Taxis are most definitely available at almost all train stations to take you to your parador. You just want to make sure that the parador is a reasonable distance from the train station or could be an expensive taxi ride.
Taxis are prevalent throughout Spain and are a convenient way to get to your destination. My advice for finding a taxi in Spain is to try and always find a taxi at taxi stands which are abundant throughout most cities. Taxis are supposed to be licensed and regulated by the government and like any society there are those who try and cheat the system and prey on tourists. Because of this, I recommend using a taxi stand since you’re less likely to run into a shady taxi driver at a place with other legitimate taxi drivers. In the case of finding a taxi driver at a train station or airport there are policemen nearby to make it even less likely that an unlicensed taxi driver is going to be in line at the taxi queue. You can always hail one on the road and most times that works out fine but I prefer the taxi stands so that I can see who I am getting. If you decided to hail a taxi on the street make sure the light on the roof of the car is green and they are going in the direction that you want to go as they normally will not do a u turn.

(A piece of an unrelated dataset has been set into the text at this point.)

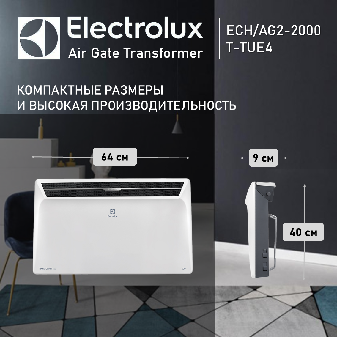 Технология Transformer System представляет абсолютную свободу выбора комплектации конвектора. Инновационная технология Transformer System Air Gate 2, позволяет потребителю свободно управлять комплектацией прибора. Конвектор Transformer System состоит из отопительного модуля (базовая часть) и съемного блока управления. По желанию, можно выбрать настенную (входит в комплектацию модуля) или напольную (приобретается отдельно) установку.Преимущества Отопительный модуль Air Gate Transformer System оснащен современным нагревательным элементом Hedgehog, который выходит на рабочую температуру на 20% быстрее и имеет супер компактные размеры за счет увеличенной площади теплоотдачи. Пониженная на 15% температура элемента и корпуса гарантирует мягкое и комфортное тепло. Ресурс нагревательного элемента Hedgehog 25 лет! Система очистки воздуха BIO Filter System представлена четырьмя фильтрами: антистатическим с антисептическим эффектом, угольным, катехиновыми с биологически активным витамином С Аэродинамическая система Intelligent Air Dynamic усиливает направленный конвективный поток на 37%, что обеспечивает самый быстрый нагрев помещения. Воздухозаборник HD обладает увеличенной площадью для забора и обогрева входящего воздуха Благодаря применению современных технологий и инноваций, срок официальной гарантии на отопительные модули конвекторов Electrolux Transformer System увеличен до 5 лет Модель ECH/AG2-1000T подходит для мягкого обогрева помещений площадью до 15 м²

Taxi drivers in Spain are a very friendly group of people and are usually very honest about their routes and pricing. I have found some that are bi-lingual and enjoy a conversation in English and those that don’t know another language are not shy to talk to you in your broken Spanish. If you speak no Spanish I recommend writing down your destination or printing it out for your taxi driver so there is no misunderstanding of where you want to go.
When you get in the taxi make sure the meter is on and is not running. There can be extra charges for luggage or extra people and many times those extra charges are listed on the back seat in English. When you arrive at your destination you driver will be expecting to be paid in cash and will not normally break large bills. Tipping is usually a lot less in Spain at least compared to the United States but I will still tip the taxi driver especially if he is friendly and I feel he has taken us by the most direct route.
The only reason I don’t take a taxi in Spain is because the public transportation system is so fantastic that it is usually the cheaper way to go especially if you have to go any distance. I think many people are intimidated to use the public transportation system but it is truly so simple that it’s worth a try. Of course taxis are normally quicker than public transit and can drop you off at the door of your final destination. So in the end the choice is yours and either option is widely available.